Obama is aware, too, that Netanyahu recently tried to prevent his own Mossad chief from meeting senators because he didn’t want them to hear that Israeli intelligence backs Obama’s approach, not Netanyahu’s. So when Obama says the issues aren’t personal, he’s partly disingenuous. He considers Netanyahu reckless. That’s pretty personal.

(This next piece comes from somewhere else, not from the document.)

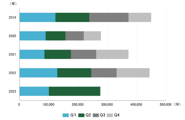 2023年第2四半期は、今年や来年以降竣工予定の建築中ビルでの大口の成約が含まれており、成約面積の伸びに繋がっている。今年は20万坪超の大量供給が予定され、まとまった面積の空室を抱えた新築ビルの竣工により空室率の上昇が続く。一方、供給によりオフィス需要も刺激されることから、今後もリーシング活動の拡大傾向は続く可能性が高い。(チーフアナリスト 今関豊和)

The second reason is even more personal: Netanyahu’s election day warning to right-wing voters that Israeli Arabs were “streaming to the polls in droves.” That, like the previous day’s no-Palestinian-state declaration, was naked electioneering. Netanyahu’s lieutenants insist it wasn’t meant to suppress Arab votes, but to motivate right-wing voters. To the White House, though, that’s a distinction without a difference. Whatever Netanyahu thought he was telling Israeli voters in Hebrew, the English translation sounded very different to an African-American president who had marched in Selma just 10 days earlier, celebrating the voting rights struggle that made his career possible.
White House officials from Obama on down were livid. Public reactions were borderline diplomatic; the president told Huffington Post the words would “give ammunition to folks who don’t believe in a Jewish state” and “starts to erode the meaning of democracy in the country.” But private reactions were openly contemptuous. No more paltry epithets: The Israeli leader is now described bluntly as a racist.
That’s the hidden message behind the president’s March 24 warning. It’s not about Palestinian statehood. That was last year. It’s hardly even about Israeli security. The administration knows what Israel’s military does and doesn’t need to keep the country safe, because it hears it directly from Israel’s military. That’s the double-edged sword of close military and intelligence cooperation: The prime minister can ignore what his own intelligence tells him, but he can’t hide it from Israel’s allies.
All he accomplishes by his Iran campaign is to make himself look craven and foolish in the eyes of Israel’s closest allies. And his election campaigning does the rest. Yes, it’s personal.